## REQUIREMENT
When you write out the listing below, keep each word exactly as it stands and drop the pictures.

## DATASET EXCERPT
═══
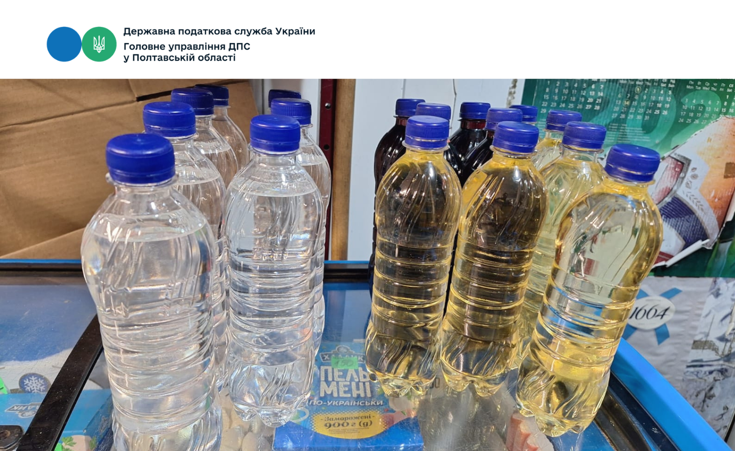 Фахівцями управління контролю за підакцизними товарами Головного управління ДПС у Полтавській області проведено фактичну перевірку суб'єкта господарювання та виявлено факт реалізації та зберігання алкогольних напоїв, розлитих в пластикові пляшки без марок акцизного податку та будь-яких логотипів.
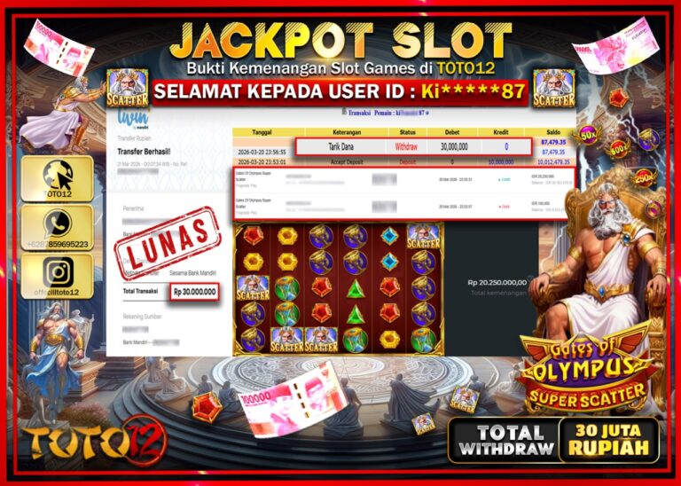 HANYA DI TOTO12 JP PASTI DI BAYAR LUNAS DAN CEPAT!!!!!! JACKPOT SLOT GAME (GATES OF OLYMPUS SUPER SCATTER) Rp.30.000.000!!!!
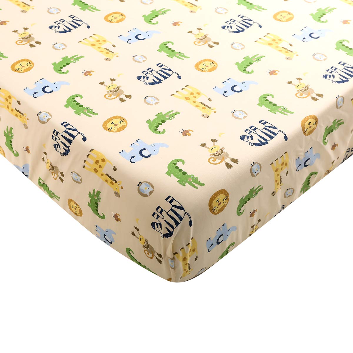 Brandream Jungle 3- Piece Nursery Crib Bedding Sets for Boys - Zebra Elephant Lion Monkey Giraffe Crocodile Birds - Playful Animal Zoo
═══
## TASK SOLUTION
 Фахівцями управління контролю за підакцизними товарами Головного управління ДПС у Полтавській області проведено фактичну перевірку суб'єкта господарювання та виявлено факт реалізації та зберігання алкогольних напоїв, розлитих в пластикові пляшки без марок акцизного податку та будь-яких логотипів.
 HANYA DI TOTO12 JP PASTI DI BAYAR LUNAS DAN CEPAT!!!!!! JACKPOT SLOT GAME (GATES OF OLYMPUS SUPER SCATTER) Rp.30.000.000!!!!
 Brandream Jungle 3- Piece Nursery Crib Bedding Sets for Boys - Zebra Elephant Lion Monkey Giraffe Crocodile Birds - Playful Animal Zoo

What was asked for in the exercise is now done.